Подъехали уже затемно. Машины остановились на окраине посёлка у высокого здания.

– Вот здесь пока будете размещаться, – директор МТС показал на тёмное здание, – это клуб. В нём мы приготовили временное жильё. Располагайтесь, а послезавтра жду мужчин в конторе. Завтра воскресенье, отдохните с дороги. Осмотритесь. А, в понедельник я познакомлю вас с заведующим Курманского отделения МТС и обговорим детали. Всего доброго! До встречи, – машины исчезли в темноте, оставив после себя клубы пыли.

– Мама! Смотри, какие звезды! Здесь, наверное, космос близко, – Борька с Валеркой, задрав головы, с изумлением и восторгом, глядели на яркие точки по всему небу.

– Мама! Кусать хосю! – Любочка настойчиво дергала за юбку матери.

– Ну-ка цыц! Берём узлы и несём в дом, – Гриша ещё не отошел от рассказа Матвея Петровича, – добро пожаловать на целину! Начинаем жизнь с чистого листа. Иван! Пойдем, посмотрим, что нам приготовили.

– Оце хоромы! – Иван удивленно осмотрел первую комнату, – тута ворота поставим, хай ребята в футбол грают.
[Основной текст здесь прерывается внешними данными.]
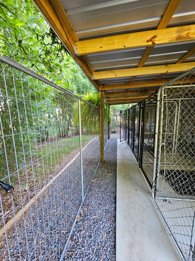Air-Conditioned and thermostatic controlled Kennel with access to secluded private bamboo play yard several times daily included in boarding fee.

Потолки яки высокие, метра три, не меньше. Чи школа здесь була?

– Не школа, а клуб. По воскресеньям кино будем смотреть.

Вторая комната оказалась не меньше первой. Напротив ещё одна комната поменьше.

– Это кухня будет, – Валюха заметила две электроплитки на столе, – глядите, водопровод есть, вон вода из крана капает.

– Мама, кушать хотим, – девочки неотступно следовали за мамой.

– Вот вам по сухарику. Ложитесь на матрасы и не мешайте взрослым работать.

Когда разместили домашние вещи, дети уже сладко спали на разложенных матрасах.

– Умаялись, путешественники! Долго будут помнить этот день, – Валюха накрыла девочек одеялом, – давай, Феня, я быстренько что-нибудь приготовлю на скорую руку. Поздно уже. Завтра вещи разберём. И не расстраивайся ты так! Сказали же, временное жильё. Хоть отдохнём от колодцев.

– Так я ж ничого. Устала трошки. За мужиков тревожусь, как у них сложиться?

– А, мы на что? Али мы не бабы! Поддержим, направим, приголубим и, наши мужики, полетят теми соколами по той целине.

Воскресение выдалось жарким. Только девять часов, а уже парит – на улицу нос не высунешь, обожжёт. Дети проснулись спозаранку, бегают по комнатам. Того и гляди ноги переломают!

– Ну-ка цыц, детвора! – Гриша никак не мог найти ножку от радиолы, – во двор идите, в тенёчик, раз помогать не хотите. Феня! Отправь их на улицу.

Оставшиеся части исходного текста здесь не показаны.